Arturo Ambrogi es el mejor cronista en la historia de la literatura salvadoreña, y quizá también el más riguroso estilista. Su pluma se forjó en las redacciones de prestigiosos diarios como La Ley de Santiago de Chile y El Nacional de Buenos Aires. Fue amigo de Rubén Darío, de Leopoldo Lugones, de Enrique Gómez Carrillo; por eso se le ha clasificado como modernista. Pero también compartió aventuras con José Ingenieros y conoció a Paul Groussac (maestro de Darío y de Jorge Luis Borges). Viajó por Europa, cruzó el Canal de Suez y escribió sus impresiones sobre Japón y China. No es aventurado decir, pues, que Ambrogi fue el primer escritor cosmopolita de El Salvador -y probablemente el más informado de su tiempo.
La crítica literaria ha destacado la precisión de Ambrogi para el detalle, su capacidad descriptiva, la elegancia y propiedad de su prosa, pero no ha insistido suficientemente en su virtuosismo como retratista de personalidades, ni en su estilo irónico que a veces llega al sarcasmo (llama a Darío "Sumo Pontífice de la pose" y dice que Francisco Gavidia -en la caricatura de Toña Salazar- aparece "engrifado como chancho de monte “). Algunas crónicas de Ambrogi podrían ser descritas con una frase que él mismo aplicó al francés Octave Mirbeau: "Esa pluma que suele ser un estilete envenenado”.
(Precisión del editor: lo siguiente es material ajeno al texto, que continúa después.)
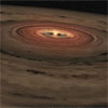 Researchers using NASA's Spitzer Space Telescope have discovered large amounts of simple organic gases and water vapor in a possible planet-forming region around an infant star, along with evidence that these molecules were created there. They've also found water in the same zone around two other young stars.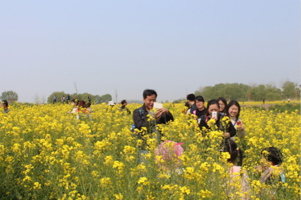 彭泽县棉船镇是长江中下游的冲积洲,四面环水,地势平坦,土地肥沃,非常适合棉花及油菜等农业经济作物的生长。参加考察活动的教职工自踏上棉船镇的土地开始,就被棉船镇的新式居民住房、整洁的乡村环境卫生以及道路两旁的景色所吸引。特别是进入到棉船镇油菜生产基地考察时,教职工对近5万亩盛开的油菜花赞不绝口,他们下到田间,或观察油菜花的形状和颜色,了解油菜的生长状况;或三五成群伏身花海,合影留念,在充分享受自然美景的同时,也感受到了当地农业生产的新气象。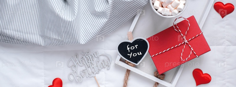 Романтический завтрак в постель. Концепция дня рождения

Sus evocaciones de la vida en el San Salvador finisecular; de los ambientes intelectuales de Santiago y Buenos Aires, de las figuras cumbres de la literatura europea de su época, están escritas con un lenguaje fresco, mezcla de la nitidez en el trazo y de la acotación puntual. La sugerencia y la seducción son virtudes de esta prosa. Como escritor de cuentos, Ambrogi se ubica en la corriente denominada costumbrista. Su Libro del Trópico y El Jetón contienen instantáneas de la campiña salvadoreña, de sus hombres y su paisaje; son el precedente indispensable de la corriente que culmina con Salarrué. Fue director de la Biblioteca Nacional, periodista prolífico y censor. Nació en San Salvador en 1874 y murió en esta misma ciudad el 8 de noviembre de 1936. Publicó las siguientes obras: Bibelots (1893), Cuentos y Fantasías (1895), Manchas, Máscaras y Sensaciones (1901), Sensaciones Crepusculares (1904), El Libro del Trópico (1907), Marginales de la Vida (1912), El Tiempo que Pasa (1913), Sensaciones del Japón y de la China (1915), El Segundo Libro del Trópico (1916), Crónicas Marchitas (1916), El Jetón (1936) y Muestrario (1955).

Fuente: Ambrogi, A. (1996). Crónicas. San Salvador: Dirección de Publicaciones e Impresos.